WHAT THE TASK REQUIRES: Every line in the data below from the one containing "Gracias a la" down to the one containing "Wprowadź magię świąt", both included, must be retyped exactly; no other line is to appear.

INFORMATION PROVIDED:
┌──
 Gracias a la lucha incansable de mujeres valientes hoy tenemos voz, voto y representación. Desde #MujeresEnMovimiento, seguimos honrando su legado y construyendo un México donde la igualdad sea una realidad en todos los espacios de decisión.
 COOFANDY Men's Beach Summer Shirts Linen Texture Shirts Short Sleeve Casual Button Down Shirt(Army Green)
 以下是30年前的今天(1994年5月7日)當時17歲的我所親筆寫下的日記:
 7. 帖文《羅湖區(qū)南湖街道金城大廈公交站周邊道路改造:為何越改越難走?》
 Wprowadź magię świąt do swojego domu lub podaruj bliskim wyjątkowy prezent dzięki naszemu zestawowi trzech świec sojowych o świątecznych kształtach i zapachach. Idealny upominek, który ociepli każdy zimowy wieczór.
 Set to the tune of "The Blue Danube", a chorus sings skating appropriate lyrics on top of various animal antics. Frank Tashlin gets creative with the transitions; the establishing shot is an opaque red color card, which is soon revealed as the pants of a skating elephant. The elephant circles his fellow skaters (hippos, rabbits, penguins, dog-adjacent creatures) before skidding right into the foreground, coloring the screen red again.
└──
┌──
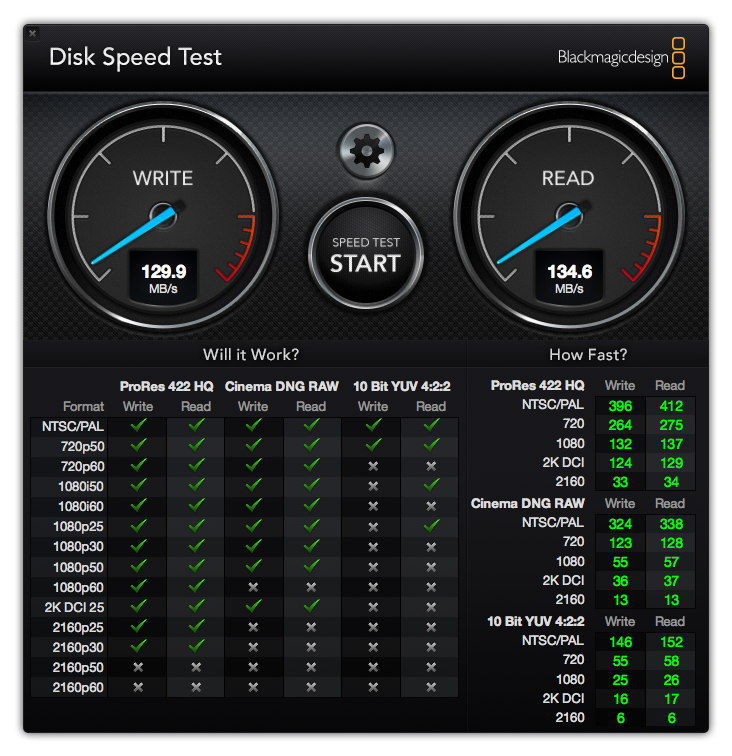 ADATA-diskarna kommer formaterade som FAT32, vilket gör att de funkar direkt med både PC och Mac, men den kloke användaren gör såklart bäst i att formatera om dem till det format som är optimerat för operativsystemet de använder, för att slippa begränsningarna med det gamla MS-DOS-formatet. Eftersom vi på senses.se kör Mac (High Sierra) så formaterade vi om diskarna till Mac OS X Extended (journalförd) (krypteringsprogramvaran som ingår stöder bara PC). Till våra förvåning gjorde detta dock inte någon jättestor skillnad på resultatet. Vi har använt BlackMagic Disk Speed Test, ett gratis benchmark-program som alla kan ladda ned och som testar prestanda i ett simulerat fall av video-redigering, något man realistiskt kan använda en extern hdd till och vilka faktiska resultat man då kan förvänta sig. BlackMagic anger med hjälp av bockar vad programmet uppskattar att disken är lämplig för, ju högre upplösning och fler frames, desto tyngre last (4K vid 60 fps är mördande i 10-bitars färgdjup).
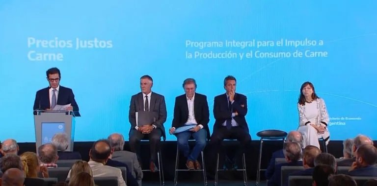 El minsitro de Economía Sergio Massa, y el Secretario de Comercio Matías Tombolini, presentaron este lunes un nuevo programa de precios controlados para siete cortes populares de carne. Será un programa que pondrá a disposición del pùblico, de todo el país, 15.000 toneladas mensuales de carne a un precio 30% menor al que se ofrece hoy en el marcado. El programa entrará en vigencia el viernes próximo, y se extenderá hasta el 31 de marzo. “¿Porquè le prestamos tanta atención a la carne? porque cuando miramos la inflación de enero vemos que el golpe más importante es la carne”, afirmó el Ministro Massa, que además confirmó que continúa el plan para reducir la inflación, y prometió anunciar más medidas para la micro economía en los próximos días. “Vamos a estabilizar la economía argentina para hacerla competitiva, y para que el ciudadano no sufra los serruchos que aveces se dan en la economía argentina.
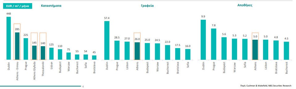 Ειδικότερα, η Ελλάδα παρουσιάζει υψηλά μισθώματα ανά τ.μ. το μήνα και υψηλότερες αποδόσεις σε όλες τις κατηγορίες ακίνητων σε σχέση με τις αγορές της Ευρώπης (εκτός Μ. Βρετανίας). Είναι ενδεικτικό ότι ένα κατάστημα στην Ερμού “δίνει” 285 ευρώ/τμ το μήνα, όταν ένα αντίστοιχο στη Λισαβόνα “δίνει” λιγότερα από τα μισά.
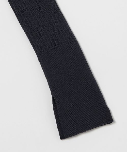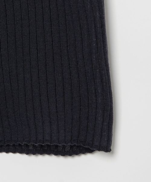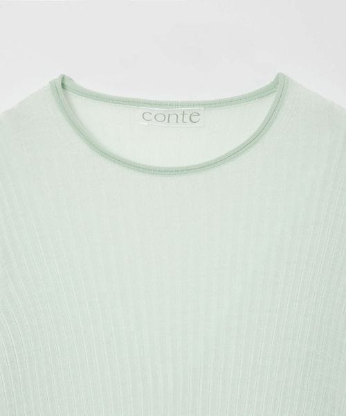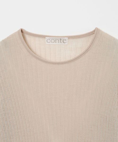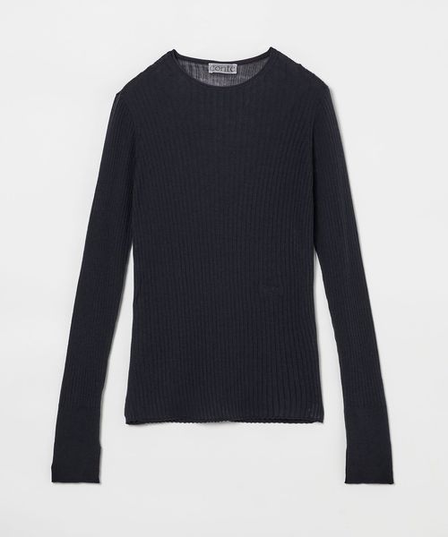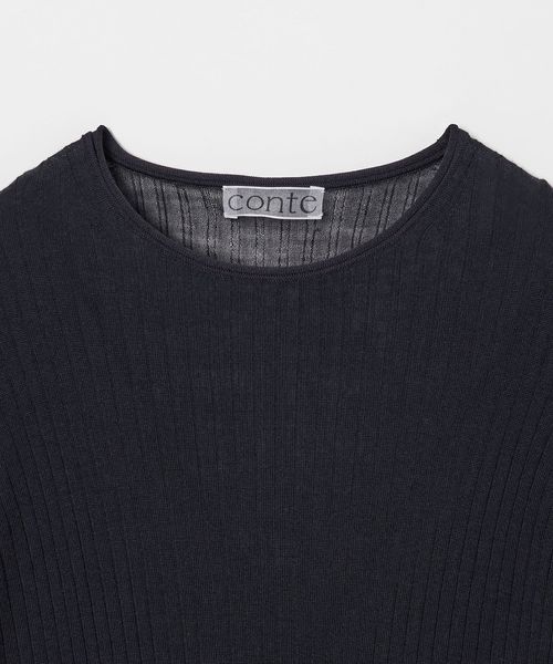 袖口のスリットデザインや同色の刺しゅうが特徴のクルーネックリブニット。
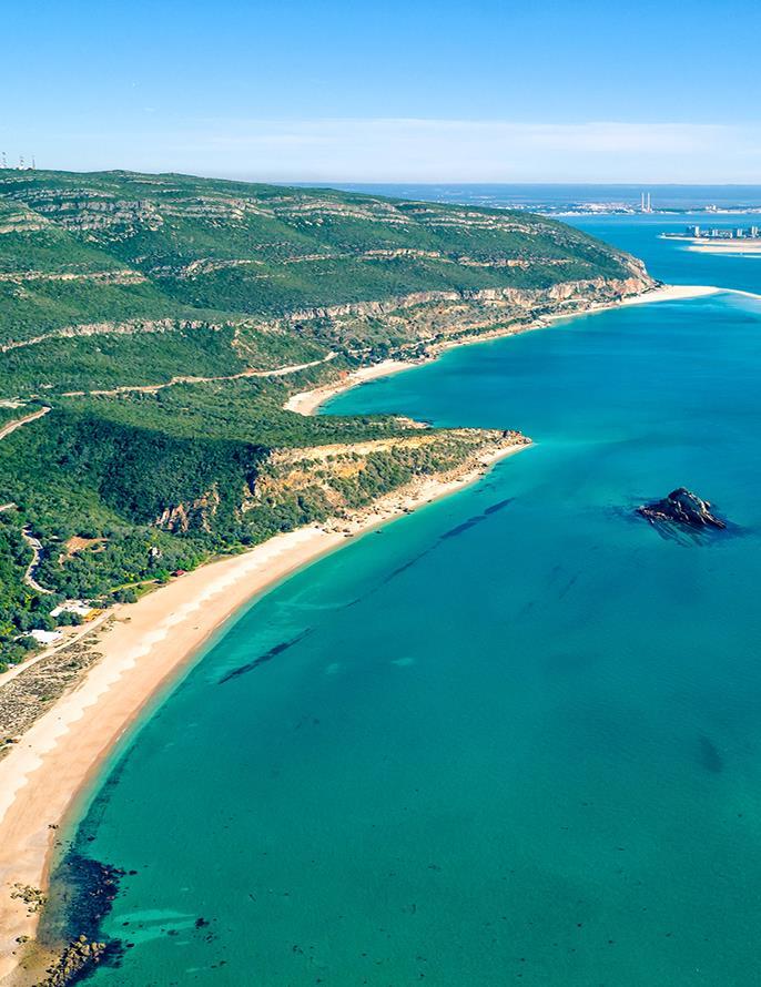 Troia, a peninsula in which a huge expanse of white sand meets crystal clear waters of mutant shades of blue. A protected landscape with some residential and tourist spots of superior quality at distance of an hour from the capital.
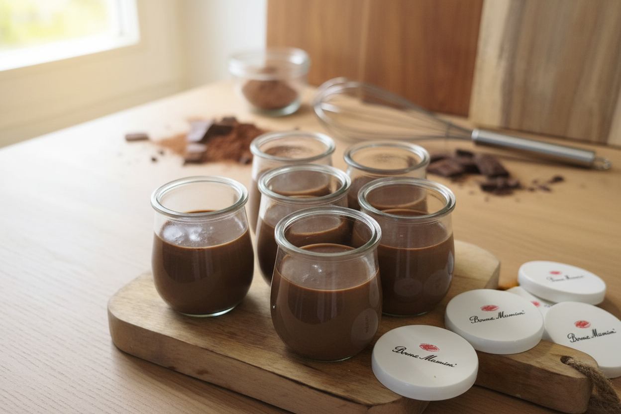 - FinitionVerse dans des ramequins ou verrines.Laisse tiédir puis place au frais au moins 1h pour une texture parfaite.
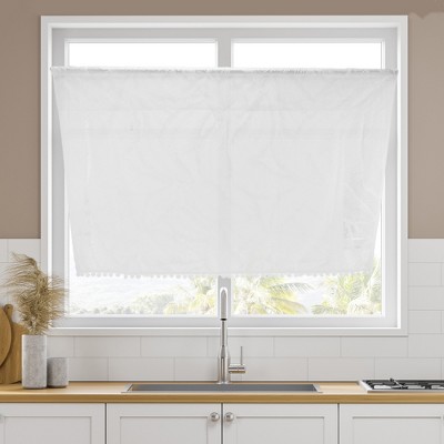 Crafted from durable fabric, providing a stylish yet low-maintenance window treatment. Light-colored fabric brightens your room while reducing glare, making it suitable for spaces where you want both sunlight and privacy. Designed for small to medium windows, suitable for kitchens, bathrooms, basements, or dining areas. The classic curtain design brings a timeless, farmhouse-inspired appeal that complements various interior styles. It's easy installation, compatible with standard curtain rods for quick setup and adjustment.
└──
TASK RESULT:
 Gracias a la lucha incansable de mujeres valientes hoy tenemos voz, voto y representación. Desde #MujeresEnMovimiento, seguimos honrando su legado y construyendo un México donde la igualdad sea una realidad en todos los espacios de decisión.
 COOFANDY Men's Beach Summer Shirts Linen Texture Shirts Short Sleeve Casual Button Down Shirt(Army Green)
 以下是30年前的今天(1994年5月7日)當時17歲的我所親筆寫下的日記:
 7. 帖文《羅湖區(qū)南湖街道金城大廈公交站周邊道路改造:為何越改越難走?》
 Wprowadź magię świąt do swojego domu lub podaruj bliskim wyjątkowy prezent dzięki naszemu zestawowi trzech świec sojowych o świątecznych kształtach i zapachach. Idealny upominek, który ociepli każdy zimowy wieczór.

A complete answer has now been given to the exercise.